India’s latest poverty estimates, drawn from National Sample Survey Office consumption data analysed over a twelve-year period, show that extreme poverty has fallen to historic lows, with Muslims recording a 1.5% incidence against 2.3% among Hindus, while Christians and Buddhists register moderately higher proportions, and Sikhs and Jains show none.

These findings come from a new paper authored by Columbia University professor and Sixteenth Finance Commission Chairman Arvind Panagariya and Vishal More, founder of the New Delhi-based research and consulting firm Intelink Advisors, and published in the Economic & Political Weekly, according to The Indian Express report.

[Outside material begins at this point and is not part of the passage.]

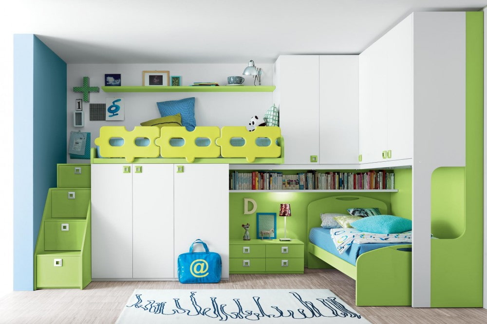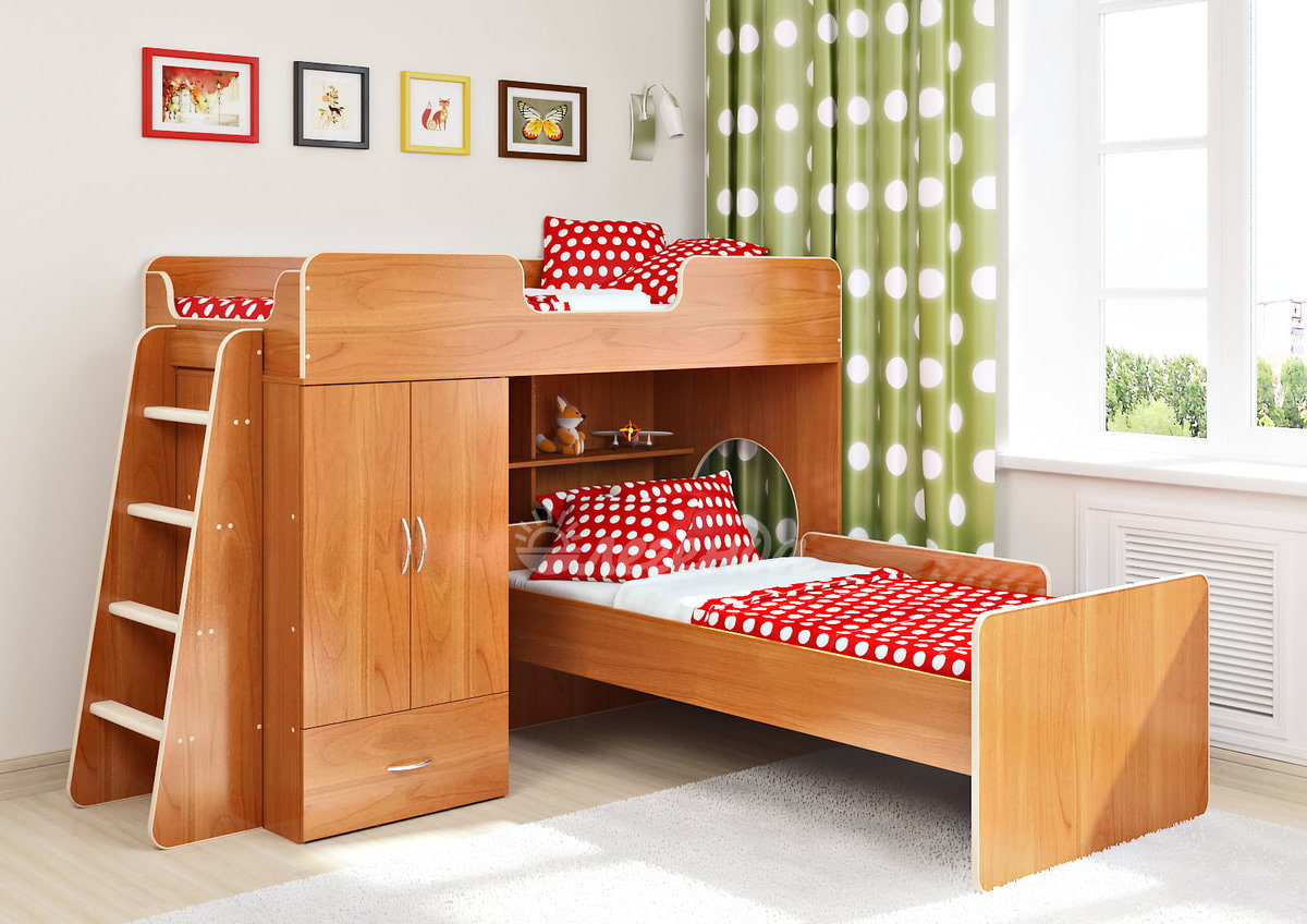 The loft bed is combined with different pieces of furniture: a desk, a second bed, shelves for books and toys, wardrobes or a chest of drawers for clothes, a sports complex.

The assessment, based on unit-level consumption data for 2011-12, 2022-23 and 2023-24, charts a sharp and broad-based decline in poverty across communities and regions, and it attributes these changes to sustained improvements in household consumption measured against the Tendulkar poverty line, which was updated for each survey year and applied separately for rural and urban populations in every state and Union Territory.

The authors estimate that the national poverty rate has dropped from 21.9% in 2011-12 to 2.3% in 2023-24, and this shift captures gains recorded across major social categories such as Scheduled Castes, Scheduled Tribes, Other Backward Classes and Forward Castes, all of which show significant reductions in extreme deprivation.

The decline is portrayed as sharper in rural India, where poverty levels had been considerably higher at the baseline, and the figures indicate a fall of 22.5 percentage points over twelve years, whereas the corresponding reduction in urban areas stands at 12.6 percentage points, suggesting that rural improvements have outpaced urban gains even as national levels converge towards minimal incidence.

The paper notes that even among Scheduled Tribes, who have historically remained at the margins of growth and welfare outreach, extreme poverty has declined to 8.7% in 2023-24, signalling the spread of consumption-driven improvements among groups traditionally associated with deeper deprivation.

The religious comparison shows that differences between Hindus and Muslims have nearly disappeared, with rural areas recording Muslim poverty at 1.6% compared to 2.8% among Hindus, while urban levels have converged to 1.2% and 1% respectively, marking a substantial shift from the far higher incidence observed in 2011-12.